[Extracted records]
───

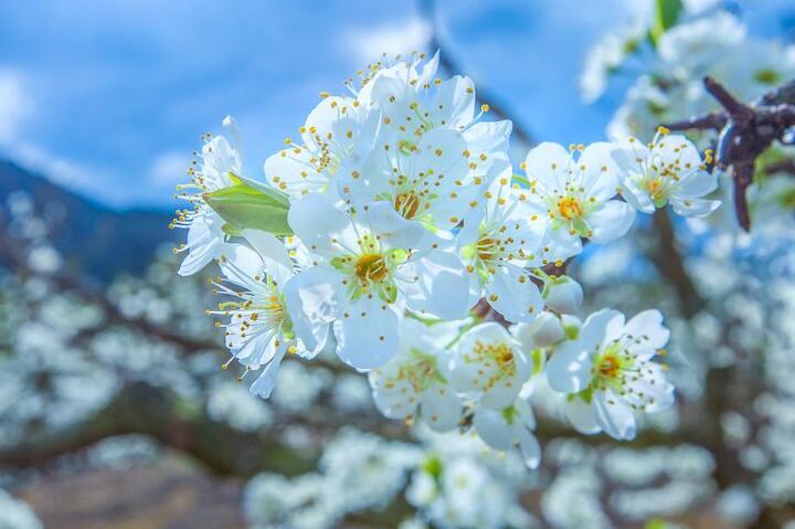 梨花成簇开放,啮齿状的花瓣边缘不整齐。
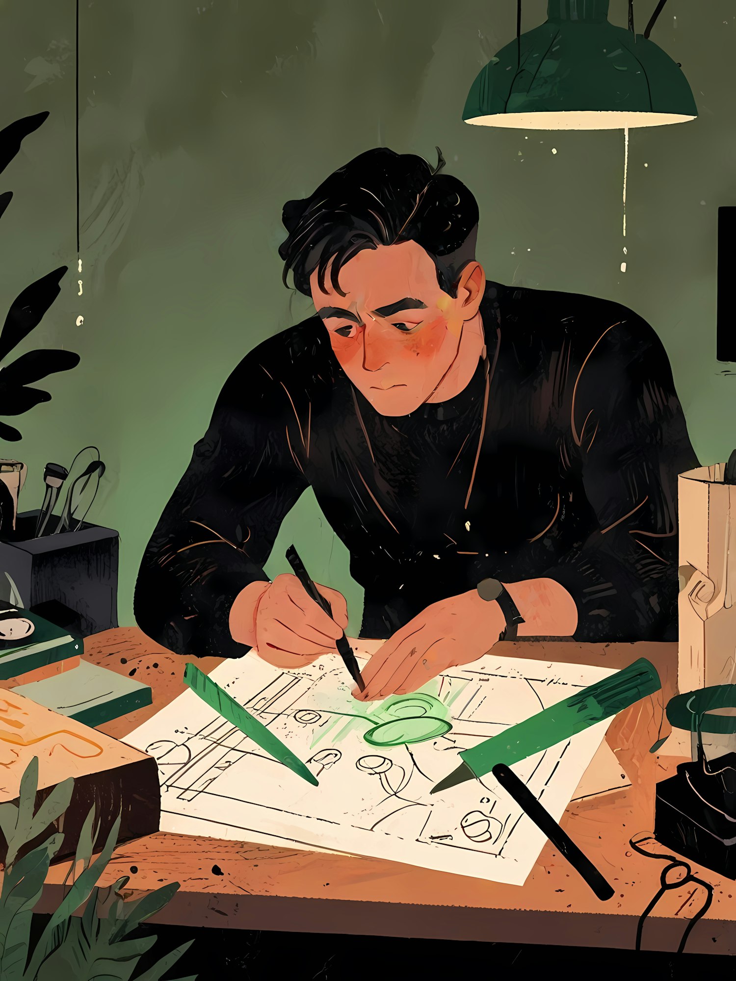 Illustration of a man sketching architectural plans at a desk, surrounded by drafting tools and a warm green lamp.
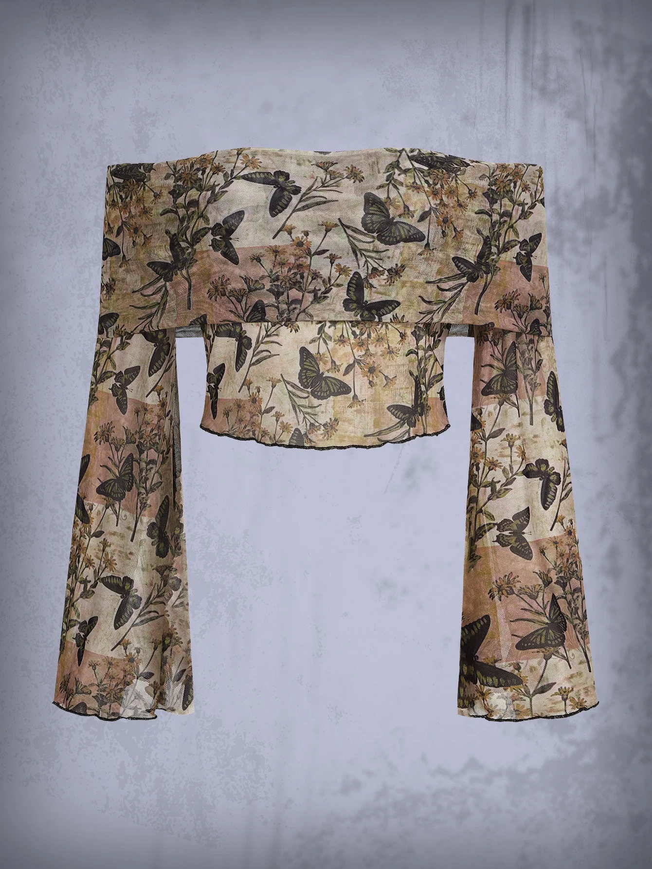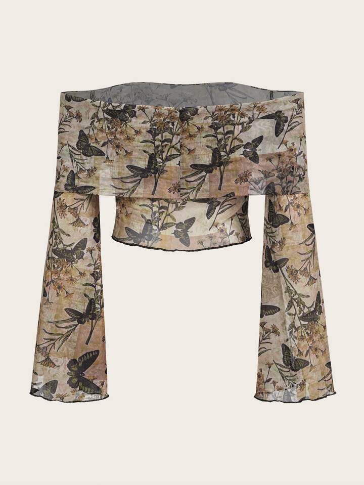 Butterfly Print Off Shoulder Trumpet Sleeve Mesh Top
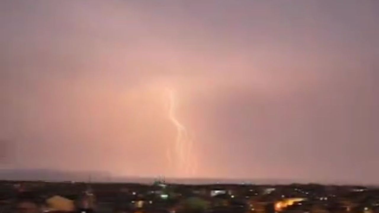 Karacabey ilçesinde akşam saatlerinde art arda şimşekler çaktı.
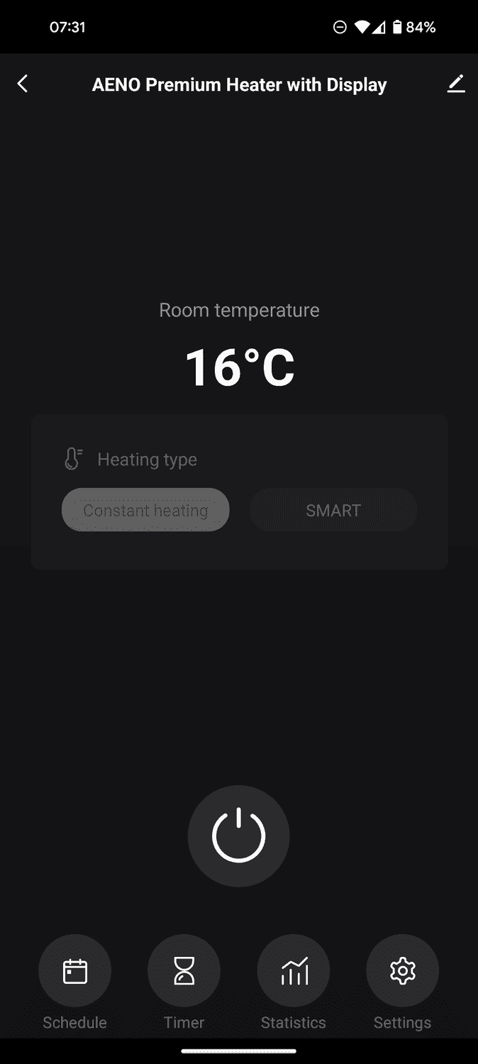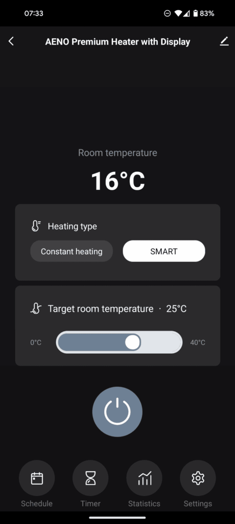 I reset the heater and then added it to Smart Life; once it was added, the main interface for the heater control was identical to the Aeno app.
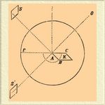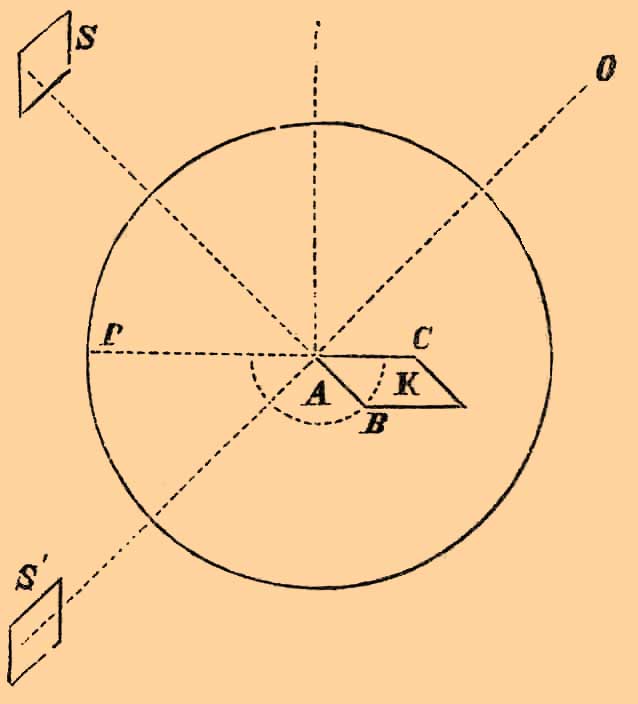 Пусть АС и AB две блестящие поверхности кристалла K, образующего двугранный угол CAB; S — некоторый ясно видимый предмет, напр. небольшой бумажный прямоугольник, наклеенный на оконном стекле; S' — другой такой же прямоугольник, помещенный внизу, — предметы эти называются сигналами; О — глаз наблюдателя.
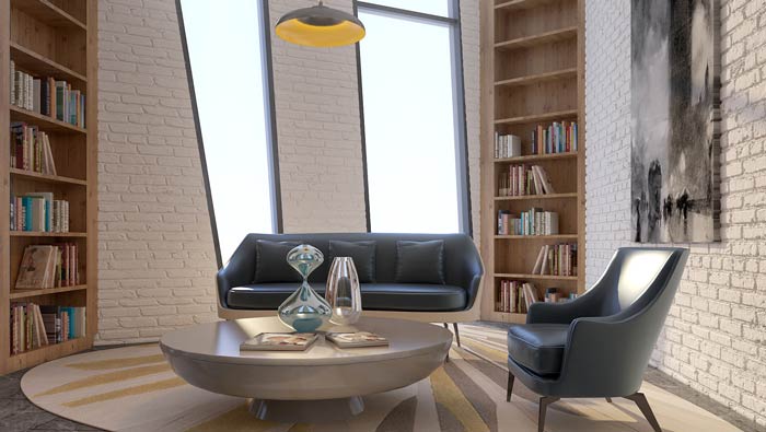 咖啡廳閱讀室裝修設(shè)計(jì):兩個(gè)半圓圍繞而成的閱讀區(qū)域,兩個(gè)半圓以圖書(shū)架的方式出現(xiàn),既起到阻隔空間的作用,同時(shí)也起到擺放書(shū)籍的作用,客戶在這里可以享受到暫時(shí)的寧?kù)o。

───

→ **Task prompt**: Output every line above exactly as it stands, and drop any picture.

→ **Expected output**:
 梨花成簇开放,啮齿状的花瓣边缘不整齐。
 Illustration of a man sketching architectural plans at a desk, surrounded by drafting tools and a warm green lamp.
 Butterfly Print Off Shoulder Trumpet Sleeve Mesh Top
 Karacabey ilçesinde akşam saatlerinde art arda şimşekler çaktı.
 I reset the heater and then added it to Smart Life; once it was added, the main interface for the heater control was identical to the Aeno app.
 Пусть АС и AB две блестящие поверхности кристалла K, образующего двугранный угол CAB; S — некоторый ясно видимый предмет, напр. небольшой бумажный прямоугольник, наклеенный на оконном стекле; S' — другой такой же прямоугольник, помещенный внизу, — предметы эти называются сигналами; О — глаз наблюдателя.
 咖啡廳閱讀室裝修設(shè)計(jì):兩個(gè)半圓圍繞而成的閱讀區(qū)域,兩個(gè)半圓以圖書(shū)架的方式出現(xiàn),既起到阻隔空間的作用,同時(shí)也起到擺放書(shū)籍的作用,客戶在這里可以享受到暫時(shí)的寧?kù)o。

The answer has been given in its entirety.